But something else too at the edge of it all, at the rim of her vision—and this is what draws her most—an elusive shadow. A figure. At once soft and hard. The softness of a hand holding hers. The hardness of knees where she’d once rested her cheek. She searches for his face, but it evades her, slips from her,

each time she turns to it. Pari feels a hole opening up in her. There has been in her life, all her life, a great absence. Somehow, she has always known.

“Brother,” she says, unaware she is speaking. Unaware she is weeping.

A verse from a Farsi song suddenly tumbles to her tongue:

I know a sad little fairy

Who was blown away by the wind one night.

There is another, perhaps earlier, verse, she is sure of it, but that eludes her as well.

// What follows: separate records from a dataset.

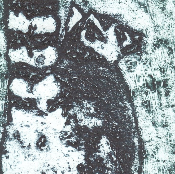 Hand printed on watercolour paper in blue/black and green oil based ink. Hand printed on an intaglio printing press on my dining room table!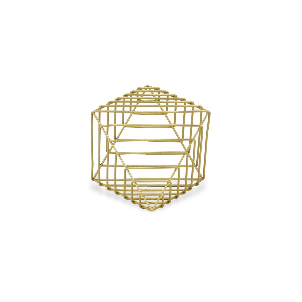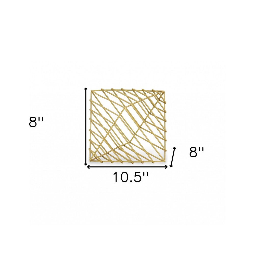 This Gold metal modern abstract tabletop sculpture is the perfect way to add a geometric accent piece to any space in your home. This piece is made of metal and is colored to a soft gold finish. The design features a base square shape which has a long diamond in the middle of it. The base shape is covered in thin metal strips that run from the front to the back creating a solid piece. You can use this decor piece on your bookshelf, in your living room, in your entryway, or as a fancy paper weight as well. 8-inch H x 10.5-inch W x 8-inch D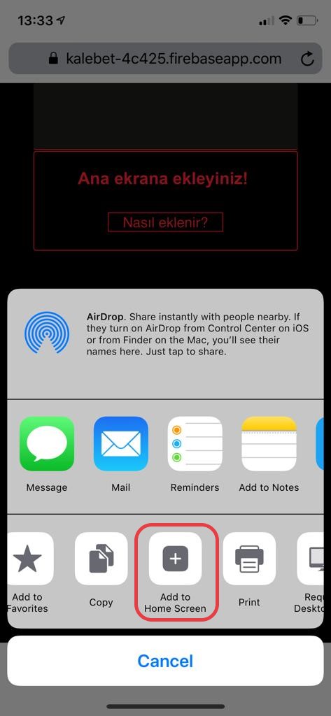 Açılan adreste İOS için "Paylaş" butonuna basın.

Pari sits. She has to. She doesn’t think she can stand at the moment. She waits for the coffee to brew and thinks that when it’s ready she is going to have a cup, and then perhaps a cigarette, and then she is going to go to the living room to call Collette in Lyon,

see if her old friend can arrange her a trip to Kabul.

But for the moment Pari sits. She shuts her eyes, as the coffeemaker begins to gurgle, and she finds behind her eyelids hills that stand soft and a sky that stands high and blue, and the sun setting behind a windmill, and always, always, hazy strings of mountains that fall and fall away on the horizon.

Seven

Summer 2009

“Your father is a great man.”

Adel looked up. It was the teacher Malalai who had leaned in and whispered this in his ear. A plump, middle-aged woman wearing a violet beaded shawl around her shoulders, she smiled at him now with her eyes shut.

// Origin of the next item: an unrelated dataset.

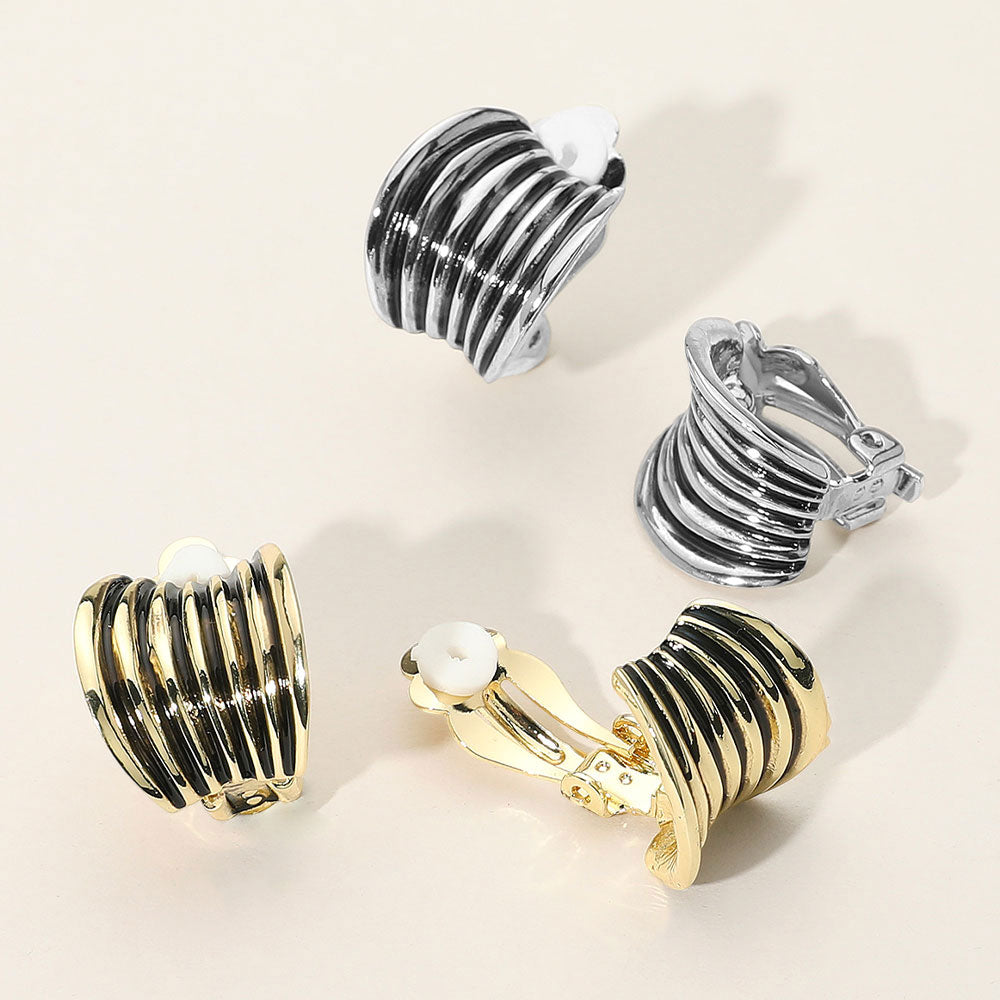 Layered clip-on hoop earrings featuring a sleek striped finish and bold silhouette. Designed for non-pierced ears, these earrings add a modern touch to everyday or evening looks with effortless style.

“And you are a lucky boy.” “I know,” he whispered back. Good, she mouthed.

They were standing on the front steps of the town’s new school for girls, a rectangular light green building with a flat roof and wide windows, as Adel’s father, his Baba jan, delivered a brief prayer followed by an animated speech. Gathered before them in the blazing midday heat was a large crowd of squinting children, parents, and elders,

roughly a hundred or so locals from the small town of Shadbagh-e-Nau, “New Shadbagh.”

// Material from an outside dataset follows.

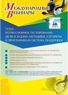 Международный вебинар "Регрессионное тестирование: цели и задачи, методики, алгоритм и программная система поддержки"

“Afghanistan is mother to us all,” Adel’s father said, one thick index finger raised skyward. The sun caught the band of his agatering. “But she is an ailing mother, and she has suffered for a long time. Now, it is true a mother needs her sons in order to recover. Yes, but she needs her daughters too—as much, if not more!”

This drew loud applause and several calls and hoots of approval. Adel scanned the faces in the crowd. They were rapt as they looked up at his father. Baba jan, with his black bushy eyebrows and full beard, standing tall and strong and wide above them, his shoulders nearly broad enough to fill the entryway to the school behind him.

His father continued. And Adel’s eyes connected with Kabir, one of Baba jan’s two bodyguards standing impassively on the

other side of Baba jan, Kalashnikov in hand. Adel could see the crowd reflected in Kabir’s dark-lensed aviator glasses. Kabir was short, thin, almost frail, and wore suits with flashy colors—lavender, turquoise, orange—but Baba jan said he was a hawk and that underestimating him was a mistake you made at your own peril.

“So I say this to you, young daughters of Afghanistan,” Baba jan concluded, his long, thick arms outstretched in an open gesture of welcome. “You have a solemn duty now. To learn, to apply yourselves, to excel at your studies, to make proud not only your own fathers and mothers but the mother who is common to us all. Her future is in your hands, not mine. I ask that you not think of this school as a gift from me to you. It is merely a building that houses the true gift inside, and that is you. You are the gift, young sisters, not only to me and to the community of Shadbagh-e-Nau but, most

importantly, to Afghanistan herself! God bless you.”

More applause broke out. Several people shouted, “God bless you, Commander Sahib!” Baba jan raised a fist, grinning broadly. Adel’s eyes nearly watered with pride.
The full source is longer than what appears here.